Uma possibilidade a ser explorada é buscar aproximar esses conteúdos das programadoras de TV paga. Acho que, além do evidente ganho cultural, há efetivas oportunidades de negócio nesse manancial de novos discursos que virão.
Revista de CINEMA – Em que pé está o projeto de Lei 256/2001, que estabeleceria cota de 10% da programação das TVs abertas para a produção regional independente? A Ancine tem interesse na aprovação dele ou entende que é mais interessante buscar outras vias para a regionalização?
Roberto Lima – Esse projeto, da deputada Jandira Feghali (PCdoB-RJ), buscava regulamentar o inciso III do artigo 221 da Constituição de 1988, que trata da regionalização da programação artística, cultural e jornalística das emissoras de rádio e TV. O projeto foi aprovado na Câmara, em 2013, e arquivado no Senado, em março de 2015. Na sequência, a deputada apresentou outro projeto de lei, de número 1441/2015, sobre o mesmo tema, que atualmente tramita na Comissão de Cultura da Câmara.
A Ancine tem interesse no assunto. Acredito que cotas na TV aberta seriam importantíssimas para desenvolver o setor nacionalmente, ampliar a diversidade de conteúdos e democratizar o acesso da população aos diversos tipos de discurso e de narrativas sobre o Brasil, mas a radiodifusão não está no escopo regulatório da agência.

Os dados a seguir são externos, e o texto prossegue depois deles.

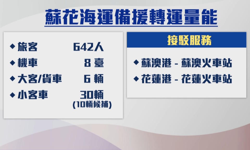 颱風肆虐,無論公路鐵路不是路基掏空、就是遭土石掩埋,造成宜蘭花蓮交通大亂、無法通行;因此交通部長責成航港局,祭 […]

De toda maneira, parece claro que o modelo verticalizado da TV aberta não condiz mais com a realidade do país. Hoje, existem tanto as condições tecnológicas quanto a capacidade de produção para dar um salto em outra direção. Acredito que as radiodifusoras terão de mudar seu modelo de negócio por uma imposição da realidade, ou vão acabar perdendo terreno para outras telas. Como eu disse, a desconcentração e a regionalização são demandas da sociedade brasileira. São irreversíveis. Quem não tiver capacidade de se adequar a essa realidade vai perder o bonde da história.